Corría el mes de enero del 2013, con un
pie en la puerta de la jubilación siempre que no cambiaran los designios del
Gobierno. En cualquier momento se le podía cruzar el cable al ministro de turno
y obligarnos a trabajar más tiempo, no fuera a ser que un largo periodo de
merecido descanso nos acostumbrara mal y nos diera por transmitir ese sano
deseo a las generaciones que venían a continuación.
No lo pensaba por las buenas, a lo
gratuito. En treinta años habían cambiado unas cuantas leyes y no había por qué
concluir que ahora sería distinto. Las autoridades educativas siempre velaban
por nuestro bien y el de los alumnos; también por el de los padres.
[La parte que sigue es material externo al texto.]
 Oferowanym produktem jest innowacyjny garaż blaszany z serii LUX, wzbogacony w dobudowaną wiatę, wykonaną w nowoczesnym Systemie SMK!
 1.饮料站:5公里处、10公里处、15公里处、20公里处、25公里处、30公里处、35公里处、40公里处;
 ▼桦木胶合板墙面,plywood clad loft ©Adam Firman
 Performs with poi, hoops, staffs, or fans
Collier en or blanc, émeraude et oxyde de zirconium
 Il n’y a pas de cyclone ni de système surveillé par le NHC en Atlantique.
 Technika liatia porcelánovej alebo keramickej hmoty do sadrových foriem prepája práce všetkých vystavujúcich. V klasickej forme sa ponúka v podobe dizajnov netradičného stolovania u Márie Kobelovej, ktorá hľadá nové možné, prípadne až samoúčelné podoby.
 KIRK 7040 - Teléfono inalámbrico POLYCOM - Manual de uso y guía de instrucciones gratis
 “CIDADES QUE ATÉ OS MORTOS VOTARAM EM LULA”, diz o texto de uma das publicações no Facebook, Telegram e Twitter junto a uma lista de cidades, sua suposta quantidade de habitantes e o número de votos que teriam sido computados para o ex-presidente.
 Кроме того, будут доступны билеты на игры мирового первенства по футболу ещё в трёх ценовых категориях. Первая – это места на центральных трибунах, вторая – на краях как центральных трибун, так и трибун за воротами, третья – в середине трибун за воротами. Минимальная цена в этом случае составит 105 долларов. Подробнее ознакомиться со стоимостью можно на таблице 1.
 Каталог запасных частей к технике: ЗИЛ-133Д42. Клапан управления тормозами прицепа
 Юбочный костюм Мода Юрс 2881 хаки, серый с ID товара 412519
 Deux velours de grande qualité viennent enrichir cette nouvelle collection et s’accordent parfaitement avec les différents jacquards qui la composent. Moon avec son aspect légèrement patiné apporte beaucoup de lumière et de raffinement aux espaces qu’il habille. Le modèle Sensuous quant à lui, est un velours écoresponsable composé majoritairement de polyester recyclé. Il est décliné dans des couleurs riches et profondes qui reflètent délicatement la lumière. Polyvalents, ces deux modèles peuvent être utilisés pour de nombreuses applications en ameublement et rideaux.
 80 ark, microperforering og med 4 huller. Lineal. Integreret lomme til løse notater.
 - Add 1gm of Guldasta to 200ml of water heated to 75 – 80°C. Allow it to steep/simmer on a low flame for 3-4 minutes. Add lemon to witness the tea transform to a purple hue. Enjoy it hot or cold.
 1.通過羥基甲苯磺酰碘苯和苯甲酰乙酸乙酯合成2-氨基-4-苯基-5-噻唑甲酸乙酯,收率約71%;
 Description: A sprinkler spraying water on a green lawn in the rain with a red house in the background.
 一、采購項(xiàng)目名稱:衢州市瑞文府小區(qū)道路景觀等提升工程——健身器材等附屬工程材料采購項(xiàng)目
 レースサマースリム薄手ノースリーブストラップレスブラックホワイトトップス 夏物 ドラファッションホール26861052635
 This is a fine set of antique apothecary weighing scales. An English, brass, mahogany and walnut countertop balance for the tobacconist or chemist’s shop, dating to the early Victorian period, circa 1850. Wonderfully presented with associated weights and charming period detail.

Había concluido una unidad didáctica,
dedicada a los textos argumentativos, en un más que meritorio intento de que
los alumnos a mi cargo tuvieran en cuenta que pensando podrían solucionar algún
que otro problema. Sabía por experiencia acumulada que aquella tarea no era fácil,
pero que no se dijera.
Una de las actividades consistía en que
el alumnado me convenciera que merecía aprobar en junio y no vernos las caras
en septiembre, con el calor y las fiestas. Aquellos alumnos, de segundo de la
ESO, a falta de argumentos, le echaron muchas palabras, pelotilleo y caradura
en un loable intento de demostrarme que iban a cambiar, se pondrían las pilas,
ni harían el gamberro ni se despistarían más de lo habitual, mejorarían la
caligrafía, la ortografía, la presentación y lo que hiciera falta, estudiarían
más y, en fin, un largo etcétera en función del talento y la vergüenza de cada
cual.
Uno de los alumnos, que andaba en la
cuerda floja, emborronó con más pena que gloria bastantes más líneas que en
ningún ejercicio de su historia escolar, terminando con la demostración
palpable de que para ese ejercicio se había preparado y esforzado como nunca.
Ese párrafo final decía: Fíjate, Juan
Manuel, me he aprendido hasta los pronombres: a, ante, bajo, cabe, con, contra…
¿Qué creen ustedes? ¿Aprobó en junio? ¿Suspendió? ¿Se puso
malito?
¿Habrá cambiado la cosa estos últimos
años? ¿Habrá mejorado el asunto con el PAI y esos meritorios intentos que leo
en los periódicos? ¿Quizás con la derogación de la LOMCE? Quiero creer que sí,
pero un pálpito frío derivado del escepticismo que aportan los años me dice que
no. Parece que los años lo vuelven a uno desconfiado y me pregunto si la culpa
la tendrán las leyes o los tiros vienen por otro lado.